Your system follows the x86-64 SysV ABI, which specifies the layout of bit-fields in section 3.1.2, "Data Representation". The relevant rules are:

• bit-fields are allocated from right to left

•bit-fields must be contained in a storage unit appropriate for its declared type

Here, "right to left" means from least to most significant bits.

The second rule means, for instance, that when a bit-field is declared as short (which is a 16-bit type on this platform), then that bit-field will fit inside a single aligned 16-bit storage unit (word) within the struct. "Aligned" means that the address of the word must be a multiple of its size (2 bytes). So it would in particular force the required alignment of the struct, and the offset of the word within the struct, to both be multiples of 2.

Thus in your example, unsigned int num_screens : 4 must fit inside an aligned 32-bit unit (dword). Your proposed layout would not satisfy this: you would have it spanning between the dword at address 0x7fffffffdf88 (offset 0) and the dword at address 0x7fffffffdf8c (offset 4). You could say it fits inside the dword at offset 3, but that doesn't count as it's not properly aligned. So what the compiler does instead is put it at the least significant bits of the dword at offset 4, leaving the last 3 bits of the previous byte unused.

Another way to think about this rule is to think of the bit-fields as all living within a single array of bits, numbered increasing from 0. So bit 0 is the least-significant bit of the byte at offset 0, etc. (This fits nicely with x86-64 being little-endian; bit 26 can be thought of as bit 26 of a 32-bit unit at offset 0, or as bit 10 of a 16-bit unit at offset 2, or as bit 2 of a byte at offset 3.)

From this point of view, the second rule above says that a bit-field declared as short must correspond to bits that do not cross through a multiple of 16, and so on.

So let's apply this analysis to your struct.
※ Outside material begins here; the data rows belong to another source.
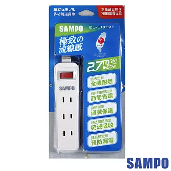 【SAMPO 】聲寶3座單切2孔多功能延長線2.7m(9尺-EL-U13T9T)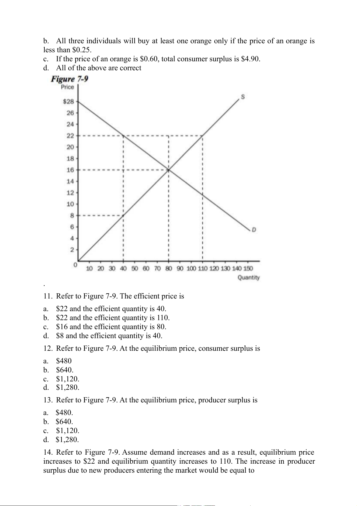 12. Refer to Figure 7-9. At the equilibrium price, consumer surplus is a. $480 b. $640. c. $1,120. d. $1,280.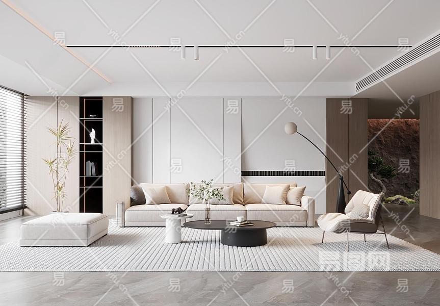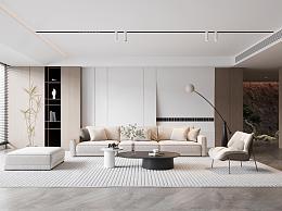 现代客厅 沙发茶几组合 落地灯 背景墙 射灯 地毯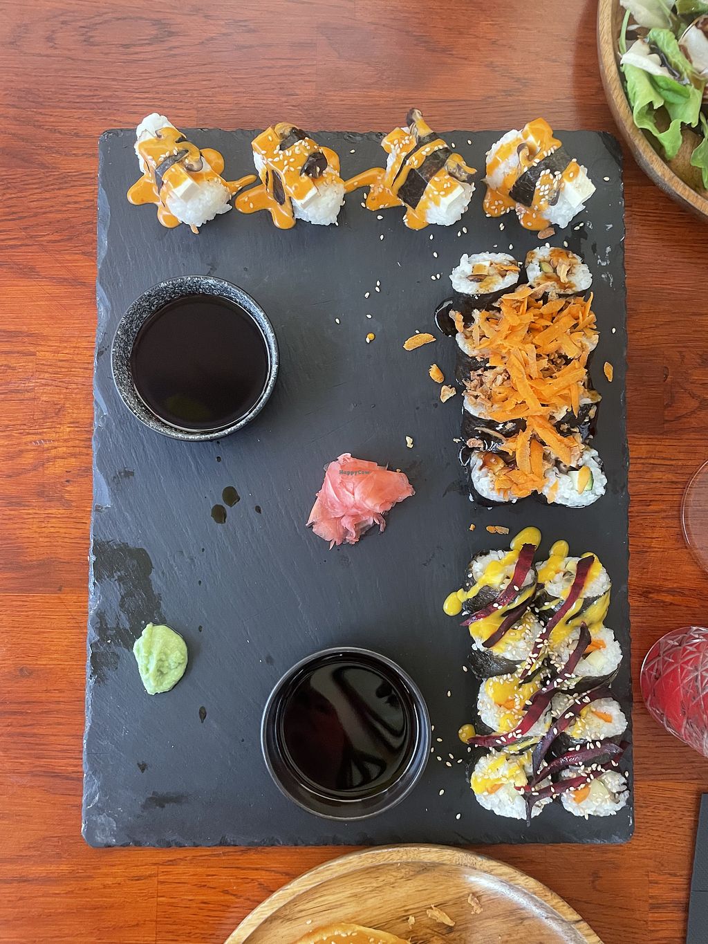 Smoothies were delicious, and the vegan sushi was handmade right in front of us!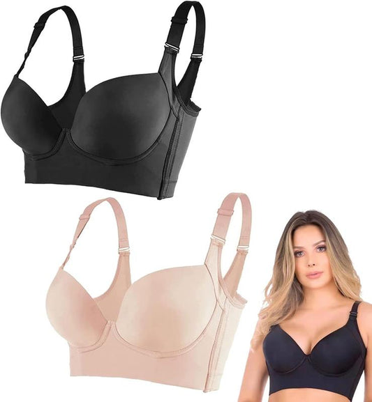 2 Pack Corrective Bra High Side Retraction Large Size Large Chest Small Retraction Side Retraction Adjusting Underwear Thin Style Comfort Womenswear Adjustable Wireless Women'S Underwire Underwire Full Fit Breathable Silky Solid Seamless Wireless Bra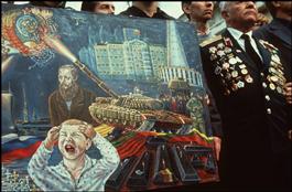 USSR. RUSSIA. Moscow. August 24th, 1991. Funeral cortege for the victims of the putsch. Picture showing a heroic scene fo the soviet occupation.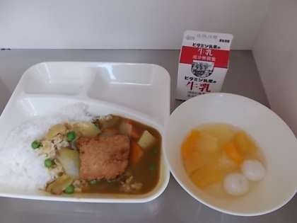 カツカレーでした。いつの時代も子どもたちに人気のカレー、おいしいです!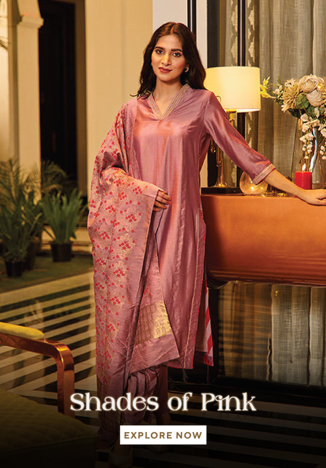 Pink Zari Embellished Short Kurta, Flared Pants And Dupatta Set- Regular price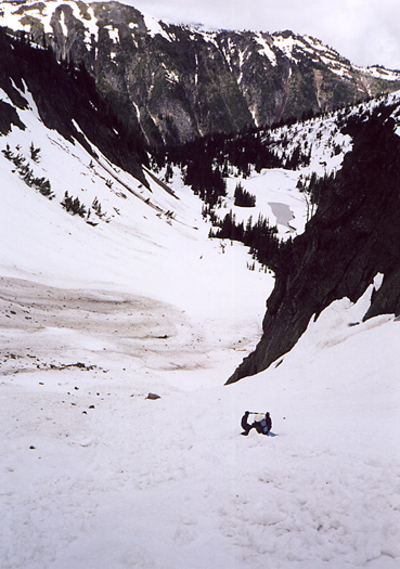 With no sign of a break in the weather, and with the wind still gusting strongly enough to knock you a bit off balance now and then, we eschewed the long summit hang, and started rapping back down to our packs. After getting everyone back on the snow, we helped Lori lighten her load a bit by finishing off the fabulous brownies she brought along for treats. Thus fortified, we repacked all the technical gear, and started retracing our steps, now with a quarter to a half inch of new snow over top of them, back to the top of the first snow gully. Aggie was determined to save the soles of his feet as much as possible and plopped down into the snow starting a nice glissade chute. Most of the others followed his lead, while I opted to plunge step since the climbing pants I was wearing didn't seem to me to have enough material to provide an adequate pad to keep my buns from freezing! The temperature had risen enough during the day that numerous small sloughs were set off by the glissaders, and I descended accompanied by the serpentine hiss of loose snow working its way downhill with me. We rolled along through the alpine bowl above the last snow chute, and Prash put in the next glissade trough, this time kicking up a fairly sizable slough in front of him. I again opted to plunge step, and again was accompanied by the hissing of hundreds of snakes as more and more snow released. Once we were all down and out of the snow gully we stopped to remove some layers of clothing for the final stroll back to the cars, and were rewarded with some peek-a-boo views of the summit we'd been on less than an hour before. The cloud level seemed to be hovering right at the base of the rock pyramid as we could see it from Snow Lake, but we tried taking some pictures of the misty summit anyway.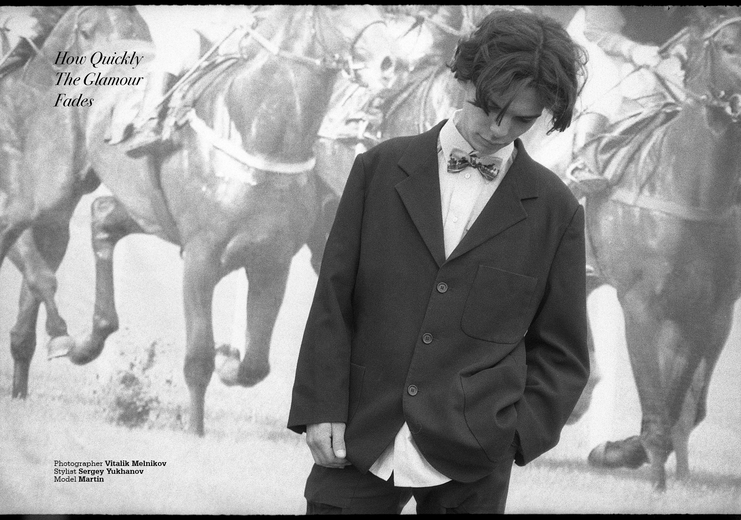 How Quickly The Glamour Fades features model Martin by Vitalik Melnikov in an exclusive analogue editorial for CLIENT Online, styled by Sergey Yukhanov

• unsigned short num_players : 4 can occupy bits 0 through 3. This does not cross any multiple of 16 so that's fine.
• unsigned int num_managers : 1 occupies bit 4. The rule is that it should not cross a multiple of 32, which is trivially satisfied.
• unsigned short num_cameras : 8 occupies bits 5 through 12. Again, no multiple of 16 is crossed.
• long int num_vip : 16 occupies bits 13 through 28. Since long int is 64 bits, the only requirement here is that a multiple of 64 should not be crossed, and that's satisfied.
• unsigned int num_screens : 4 cannot occupy bits 29 through 32 as you propose, because it would cross a 32-bit boundary. (You can think of the boundary as being between bits 31 and 32.) Instead, it must occupy bits 32 through 35.